DailyDreaming/load-project

Path to converted per-cell matrices should reflect complete path relative to `geo` dir

hannes-ucsc opened this issue · 7 comments

(.venv) hannes@ip-172-31-39-22:~$ cd ~/load-project/projects/b0f40b69-943f-5959-9457-c8e53c2d480e/matrices
(.venv) hannes@ip-172-31-39-22:~/load-project/projects/b0f40b69-943f-5959-9457-c8e53c2d480e/matrices$ ls -l
total 24
drwxrwsr-x 2 ubuntu ucsc 4096 Jan 14 22:57 GSE103275_RAW__GSM2510616_P4-matrix.mtx.gz
drwxrwsr-x 2 ubuntu ucsc 4096 Jan 14 22:57 GSE103275_RAW__GSM2510617_P7-matrix.mtx.gz
drwxrwsr-x 2 ubuntu ucsc 4096 Jan 14 22:57 GSE103275_RAW__GSM2759554_5wk-1-matrix.mtx.gz
drwxrwsr-x 2 ubuntu ucsc 4096 Jan 14 22:57 GSE103275_RAW__GSM2759555_5wk-2-matrix.mtx.gz
drwxrwsr-x 2 ubuntu ucsc 4096 Jan 14 22:57 GSE103275_RAW__GSM2759556_P7D-matrix.mtx.gz
drwxrwsr-x 2 ubuntu ucsc 4096 Jan 14 22:57 GSE103275_RAW__GSM2759557_P7E-matrix.mtx.gz
(.venv) hannes@ip-172-31-39-22:~/load-project/projects/b0f40b69-943f-5959-9457-c8e53c2d480e/matrices$ cd ~/load-project/projects/b26137d3-a709-5492-aa74-0d783e6b628b/matrices
(.venv) hannes@ip-172-31-39-22:~/load-project/projects/b26137d3-a709-5492-aa74-0d783e6b628b/matrices$ ls -l
total 4
drwxrwsr-x 2 ubuntu ucsc 4096 Jan 17 07:02 cell_files

That directory name should be GSE110154_RAW__cell_files.
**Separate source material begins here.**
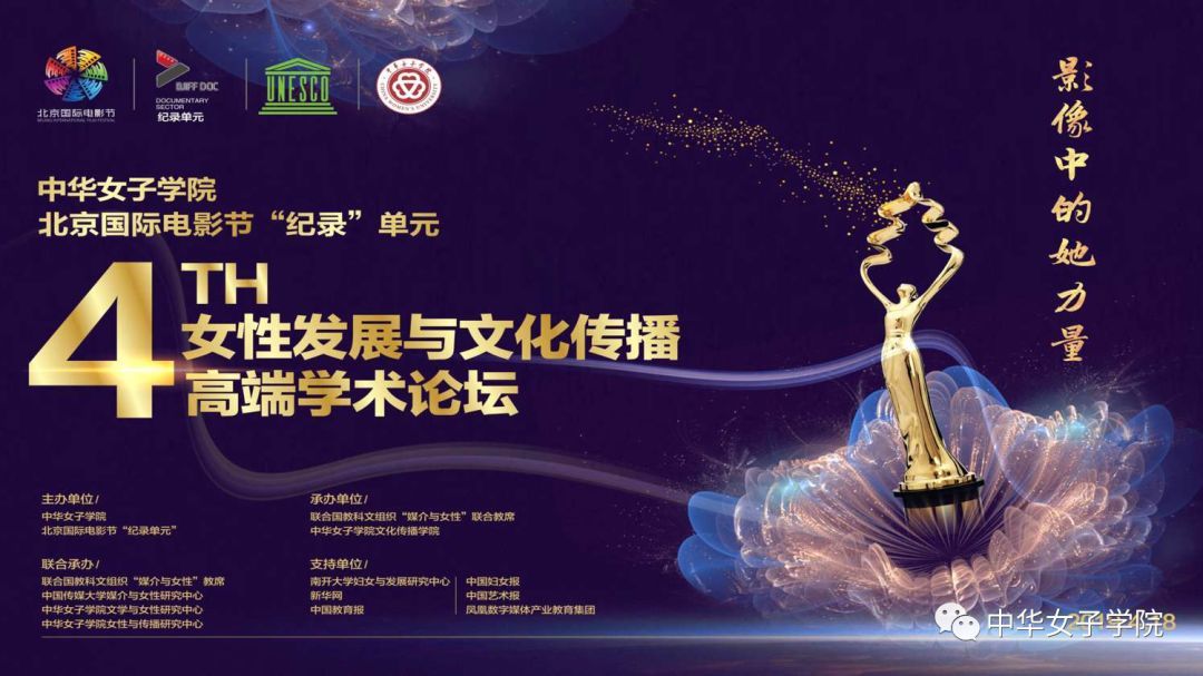 2019年4月18日下午,北京国际电影节“纪录单元”系列学术活动之一“影像中的她力量”高端学术论坛在中华女子学院举行。此次论坛由中华女子学院与2019北京国际电影节纪录单元联合举办,联合国教科文组织“媒介与女性”联合教席、中华女子学院文化传播学院承办。

Correction: I wasn't aware that cell_files is made up. We should avoid making up path elements. So the directory name should be just GSE110154_RAW.

What about cases where there are multiple mutually incompatible cohorts of cell files mixed together in the RAW directory? Consider GSE75659. I decided on this approach to avoid potential name collisions between cohorts. Note the assertion I added to Converter._convert_matrices.
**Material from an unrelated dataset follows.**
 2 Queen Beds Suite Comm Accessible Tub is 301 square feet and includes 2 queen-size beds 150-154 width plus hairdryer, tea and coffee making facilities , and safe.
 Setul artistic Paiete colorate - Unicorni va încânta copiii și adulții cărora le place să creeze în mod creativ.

An alternative, I suppose, would be:

  1. Remove the unique names assertion
  2. Merge the name and directory parameters to IndividualCellFiles
  3. Have Converter._convert_matrices append an incrementor to non-unique names

But I don't think that really solves the problem since the matrix names still wouldn't be correct paths due to the incrementor. In short, I don't think we can use paths here because of incompatible cohorts being placed in the same folder.
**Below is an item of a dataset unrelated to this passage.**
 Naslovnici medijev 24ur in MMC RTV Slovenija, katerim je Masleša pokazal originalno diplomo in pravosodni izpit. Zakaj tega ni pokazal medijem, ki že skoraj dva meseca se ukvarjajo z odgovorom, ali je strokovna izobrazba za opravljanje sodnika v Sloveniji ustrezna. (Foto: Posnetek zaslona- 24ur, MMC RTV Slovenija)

If the per-cell files reside directly in the geo directory (as opposed to in a subdirectory of the geo directory), the MTX triplet of files should be placed into the matrices folder directly. You may have to update DPSS to account for that but it's the most logical mapping, in my view.

When you split the set of files up into cohorts (subsets of that set), give the cohort a name and append the cohort name to the input path. So

Cohort X:

geo/a/1.csv
geo/a/2.csv

becomes

matrices/a__X/matrix.mtx.gz
matrices/a__X/barcodes.gz
matrices/a__X/genes.gz

Cohort Y:

geo/a/3.csv
geo/a/4.csv

becomes

matrices/a__Y/matrix.mtx.gz
matrices/a__Y/barcodes.gz
matrices/a__Y/genes.gz

If there was no a subdir,

Cohort X:

geo/1.csv
geo/2.csv

becomes

matrices/X/matrix.mtx.gz
matrices/X/barcodes.gz
matrices/X/genes.gz

Cohort Y:

geo/3.csv
geo/4.csv

becomes

matrices/Y/matrix.mtx.gz
matrices/Y/barcodes.gz
matrices/Y/genes.gz

Does that make sense?

@hannes-ucsc Shouldn't cohort Y yield:

matrices/a__Y/matrix.mtx.gz
matrices/a__Y/barcodes.gz
matrices/a__Y/genes.gz

? a is the full path to the directory containing the per-cell csv files (relative to the geo dir), Y is the name of the cohort, and __ is the separator?

Yes, that's correct. I made a copy paste error.

To avoid confusion, I'll edit my original comment.